*The problem*:
Starting at the line that contains "不外,关于好意思债波动与暂缓", write out each line exactly through the last one in the material below, and nothing more; omit all pictures.

** Opening Exercise data block **

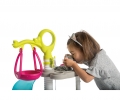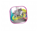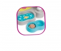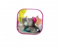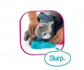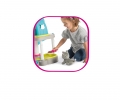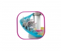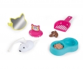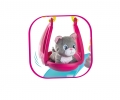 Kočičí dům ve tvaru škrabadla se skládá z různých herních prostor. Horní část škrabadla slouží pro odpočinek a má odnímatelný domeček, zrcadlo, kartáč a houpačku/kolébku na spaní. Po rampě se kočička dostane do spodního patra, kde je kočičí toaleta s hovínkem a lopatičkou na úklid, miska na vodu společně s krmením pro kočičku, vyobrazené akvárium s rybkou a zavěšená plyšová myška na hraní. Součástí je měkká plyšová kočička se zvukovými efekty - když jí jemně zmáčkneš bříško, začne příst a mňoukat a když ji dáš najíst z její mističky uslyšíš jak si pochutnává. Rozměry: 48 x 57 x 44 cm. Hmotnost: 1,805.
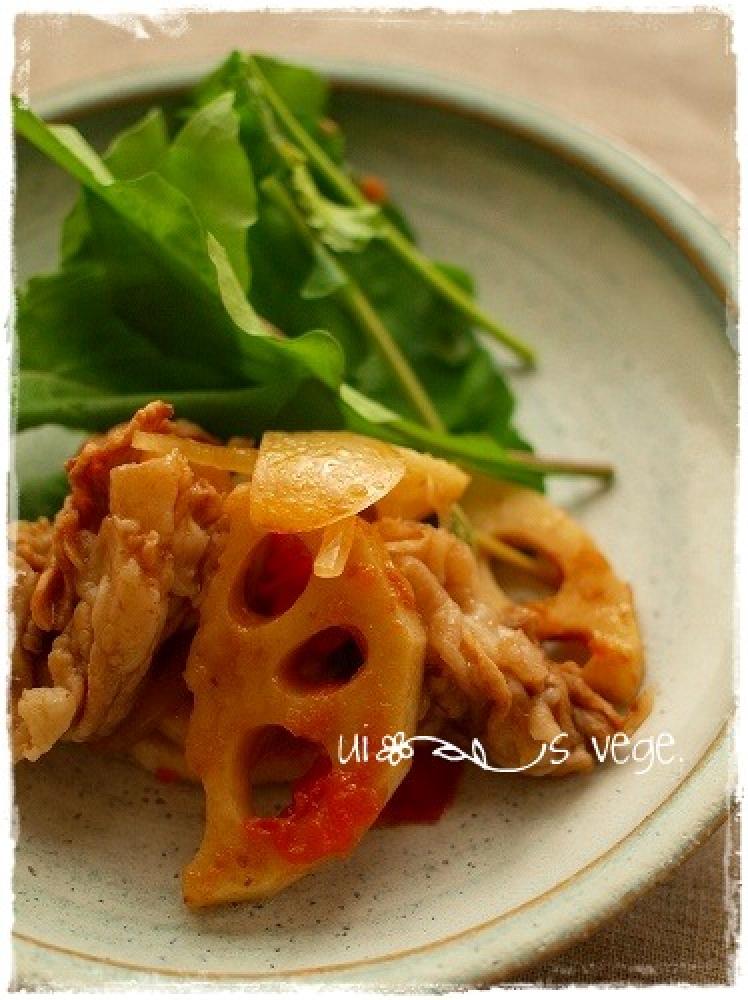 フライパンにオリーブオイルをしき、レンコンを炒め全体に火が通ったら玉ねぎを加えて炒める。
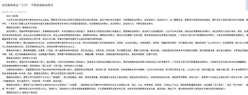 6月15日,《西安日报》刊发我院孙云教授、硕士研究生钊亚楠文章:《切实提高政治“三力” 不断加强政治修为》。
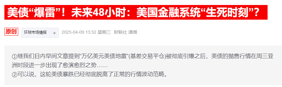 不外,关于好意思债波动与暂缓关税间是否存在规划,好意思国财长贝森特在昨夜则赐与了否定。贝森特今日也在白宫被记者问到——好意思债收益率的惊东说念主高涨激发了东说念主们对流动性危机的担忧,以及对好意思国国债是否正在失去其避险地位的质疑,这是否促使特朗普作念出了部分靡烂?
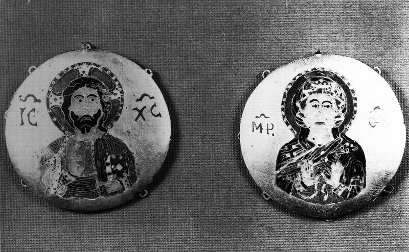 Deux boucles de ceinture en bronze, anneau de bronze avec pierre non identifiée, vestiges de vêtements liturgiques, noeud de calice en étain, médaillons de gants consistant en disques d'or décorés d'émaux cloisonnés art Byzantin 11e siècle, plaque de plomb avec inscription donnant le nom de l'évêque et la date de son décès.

** Closing Exercise data block **

*Solution to this task*:
 不外,关于好意思债波动与暂缓关税间是否存在规划,好意思国财长贝森特在昨夜则赐与了否定。贝森特今日也在白宫被记者问到——好意思债收益率的惊东说念主高涨激发了东说念主们对流动性危机的担忧,以及对好意思国国债是否正在失去其避险地位的质疑,这是否促使特朗普作念出了部分靡烂?
 Deux boucles de ceinture en bronze, anneau de bronze avec pierre non identifiée, vestiges de vêtements liturgiques, noeud de calice en étain, médaillons de gants consistant en disques d'or décorés d'émaux cloisonnés art Byzantin 11e siècle, plaque de plomb avec inscription donnant le nom de l'évêque et la date de son décès.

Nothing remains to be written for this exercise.